I grew up in poverty and faced homelessness many times, and my experience anytime a public/government program was offered to help people like me specifically, it only made things worse, either directly or indirectly. Every single time.

Extra policing meant more poor people pulled over in their raggedy cars and ticketed for vain things. Food assistance meant lots of forms being filled out, and the risk that your inconsistent income might go just above the threshold next month and kick you off for the whole year when your income drops immediately thereafter. Healthcare assistance meant even more forms, confusing jargon, and always started with "don't worry, we'll take care of it" and ended with "you now owe $5000". I could write posts full of examples.

Even worse, once I identified this, I could then be labeled "too stupid to know what was best for me" or "just sticking up for the rich" when I expressed my concern for this around (mostly more privileged) friends.

Naturally I tend toward libertarian hands-off opinions on things like this now as a result, but not because I don't think food assistance or satiation of basic healthcare needs could be helpful. Quite the contrary, they could make a huge difference if done in the right balance and the right way.

But given the realities of how these things work, and have worked my entire life, the institutions creating and promoting these things are either incompetent or corrupt, or both. If all of these caring researchers and think tanks put more effort into retrospectively finding out what is going wrong with these programs as they exist today, and found a way to restore competence and trust to the programs and the institutions behind them -- if everyone could be honest about the actual results of their efforts rather than just patting themselves on the back for doing what felt good while ignoring the people they caused to suffer -- then I'd likely feel differently.
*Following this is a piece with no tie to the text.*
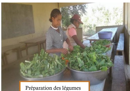
Préparation des légumes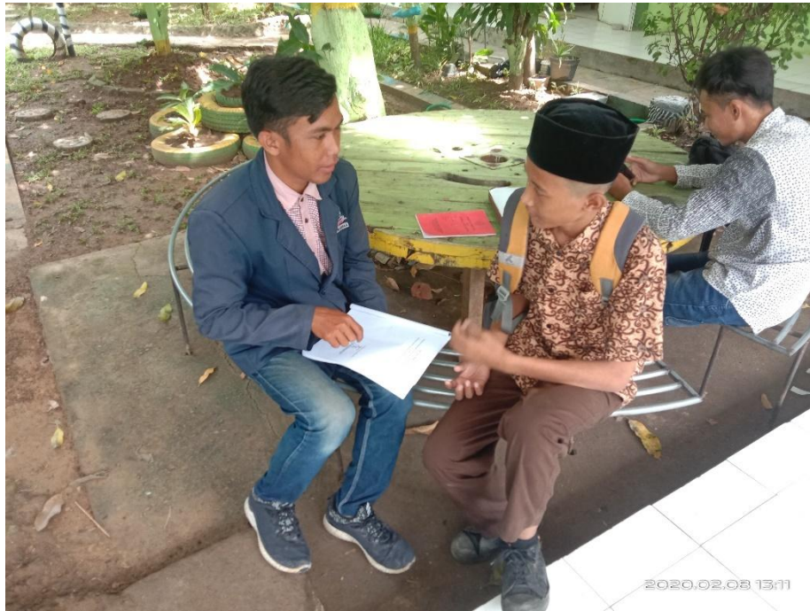
20. Foto pengelompokan peserta didik kelas tahfidz

It makes me wonder if my problem growing up weren't the supposed "safety nets" that blew up in my face each time, but rather the institutions behind them, and that they should be the first problem solved before we move on to the assistance itself.



Your examples are exactly why people on the left insist for government aid with NO means-testing. If a government program only exists to support the poor, it will be birocratized, sacrificed whenever budget cuts are needed, demonized and so on.

Successful social programs help everyone, and let the poor benefit implicitly more. All old people benefit from the existence of Medicare for example, even if they are personally wealthy enough to afford alternatives, so Medicare is relatively simple to access and almost universally loved. No one is going to win elections campaigning on slashing medicare, and no one is in danger of losing their Medicare status if they fill out a form wrong.


One of my examples related to means testing. I have many more not related at all to means testing.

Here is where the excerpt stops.